Starting with the line that contains "Admin writing code", repeat exactly every line through the last one in the records below, and leave out the pictures.

(Collected data)
=== Section Start ===
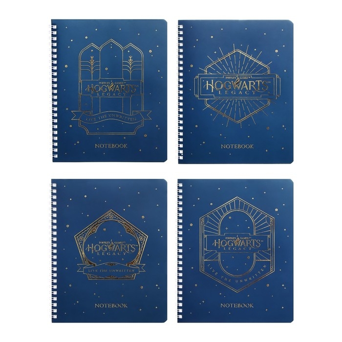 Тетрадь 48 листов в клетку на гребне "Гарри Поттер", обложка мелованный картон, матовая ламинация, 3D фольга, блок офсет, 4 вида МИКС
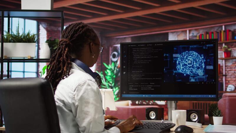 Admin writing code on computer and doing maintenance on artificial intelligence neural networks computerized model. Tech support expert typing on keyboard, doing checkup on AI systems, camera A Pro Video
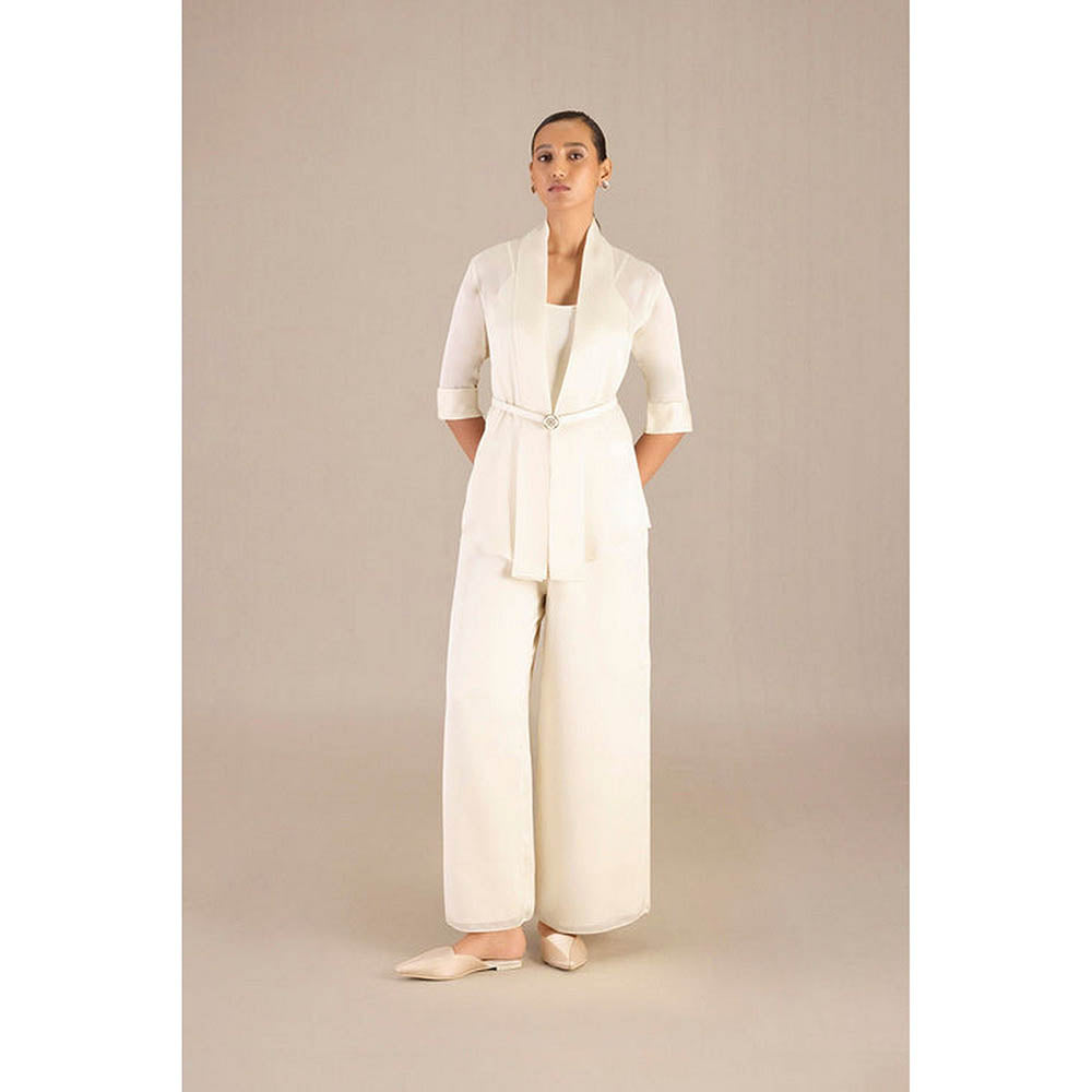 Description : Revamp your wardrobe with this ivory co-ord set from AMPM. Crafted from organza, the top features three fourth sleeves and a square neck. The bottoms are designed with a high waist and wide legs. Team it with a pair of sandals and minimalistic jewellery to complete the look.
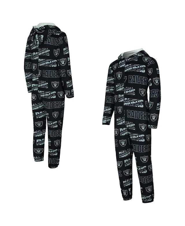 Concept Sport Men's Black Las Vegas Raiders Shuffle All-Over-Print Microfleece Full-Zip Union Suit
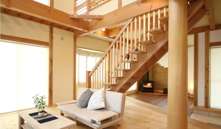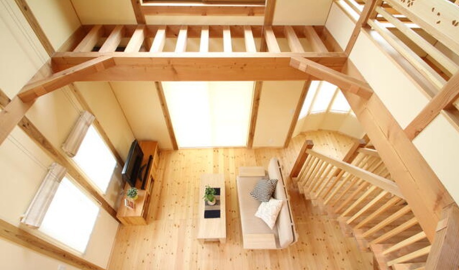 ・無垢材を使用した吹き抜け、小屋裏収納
=== Section End ===
## Response
 Admin writing code on computer and doing maintenance on artificial intelligence neural networks computerized model. Tech support expert typing on keyboard, doing checkup on AI systems, camera A Pro Video
 Description : Revamp your wardrobe with this ivory co-ord set from AMPM. Crafted from organza, the top features three fourth sleeves and a square neck. The bottoms are designed with a high waist and wide legs. Team it with a pair of sandals and minimalistic jewellery to complete the look.
 Concept Sport Men's Black Las Vegas Raiders Shuffle All-Over-Print Microfleece Full-Zip Union Suit
 ・無垢材を使用した吹き抜け、小屋裏収納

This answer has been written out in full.